Collin and his adroit team of editors intercut her testimony with the present-day recollections of a host of Morgan's colleagues and contemporaries, from Wayne Shorter to Albert ‘Tootie’ Heath to Billy Harper.

They're not always precisely aligned in their view of the man and his downfall: Morgan remains something of a slippery enigma to the end, to the point that even his wife and murderer sounds poignantly astonished in retrospect that they ever shared each other's lives.

It's this misty sense of memory that Young (best known for his collaborations with Ava DuVernay) conjures through his imagery, at once sketchy and sumptuous in its portrayal of a New York City just sliding out of its apex of cool into grittier squalor: His street scenes, blotching light and shadow as if painting watercolor on newsprint, can look either as vivid or as faded as the history in question.

"[3] In her PopMatters review critic Cynthia Fuchs describes how the documentary in its storytelling deals with memories and what is possible and not possible to know: "Helen's interview and her husband's story form a dual foundation for I Called Him Morgan.

Layering experiences and impressions, music and image, Kasper Collin's remarkable film is less concerned with history than with effects, influences that stretch across time, ideas that shape art.

For the former, the film's opening with Morgan's "Search for the New Land" will recall his 1964 album with Billy Higgins, Wayne Shorter, and Herbie Hancock, and for the latter, the sound may be a revelation, cool, smart, occasionally abstract.
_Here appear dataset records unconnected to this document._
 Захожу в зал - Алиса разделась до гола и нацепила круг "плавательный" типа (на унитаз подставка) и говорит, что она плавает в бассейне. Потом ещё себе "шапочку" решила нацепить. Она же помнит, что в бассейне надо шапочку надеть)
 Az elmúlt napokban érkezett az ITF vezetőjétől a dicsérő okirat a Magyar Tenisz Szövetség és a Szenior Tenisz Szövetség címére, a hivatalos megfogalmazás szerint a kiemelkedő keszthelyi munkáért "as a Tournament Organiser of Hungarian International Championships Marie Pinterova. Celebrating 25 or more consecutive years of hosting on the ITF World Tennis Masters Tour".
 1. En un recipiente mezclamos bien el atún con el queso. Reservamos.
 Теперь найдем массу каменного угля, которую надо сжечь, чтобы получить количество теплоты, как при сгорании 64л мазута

When bassist Paul West observes, "His life was restored by Helen and it was a joy to watch: he was playing, he was producing, and he was living," a few shots of Morgan illustrate: he's older, he's sober, he's working his PR.

In this, the film conjures visual rhythms resembling jazz, montages of image and sound providing new ways of conceiving the movements of time, of cause and effect, of interpretation.
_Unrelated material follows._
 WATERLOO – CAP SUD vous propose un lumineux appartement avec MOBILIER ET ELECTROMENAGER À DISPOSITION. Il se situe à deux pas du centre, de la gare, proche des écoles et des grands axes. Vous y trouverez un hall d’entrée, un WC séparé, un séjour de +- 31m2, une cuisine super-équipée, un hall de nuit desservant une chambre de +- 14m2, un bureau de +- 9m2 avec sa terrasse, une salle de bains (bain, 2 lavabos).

"[4] Critic Lauren Du Graf states in Museum Of The Moving Image's magazine Reverse Shot that: "I Called Him Morgan casts Helen (the "I" in the film's title) not as a coldblooded killer, but as a sympathetic and relatable one.

Like Nellie Monk, Lorraine Gillespie, Gladys Hampton, and Maxine Gordon, Helen Morgan labored in an invisible economy of jazz wives who worked behind the scenes to ensure their husbands’ success and survival.

/.../ The film's portrayal of Helen is also intersectional, showing how her life was shaped by her efforts to escape poverty, motherhood, and the limited opportunities afforded black women of her generation.

She rejected the service jobs typically offered to black women, and cultivated a community of bohemians at her apartment, which served as an after-hours spot for struggling musicians to crash or eat a home-cooked meal.

But I Called Him Morgan illuminates a deeper, in some ways more intriguing mystery: the jazz life of the hard-bop era, which saw a confluence with civil rights and Black Power.

This is a world we know mostly from the work of photographers like Roy DeCarava, Lee Friedlander, and W. Eugene Smith, who spent time with jazz musicians when they weren't performing, and captured their intimate lives off-stage.

Snow falling and city lights in New York; seagulls, trees, and sunset in North Carolina: Young shoots these recurring images in elusive, grainy textures that give the film a moody atmosphere reminiscent of the French New Wave, a movement intoxicated by the sounds of sixties jazz.

They were hardly unscathed by competition, but this was partly offset by a common artistic purpose, and by the hopes inspired by the civil rights struggle, which Morgan evoked in his epic 1964 composition "Search for the New Land"—a piece that provides Collin with his leitmotif.

We hear Helen's voice throughout the film in a slightly hissing tape made by Larry Reni Thomas, an adult educator in Wilmington, North Carolina, who taught her after she was released from prison.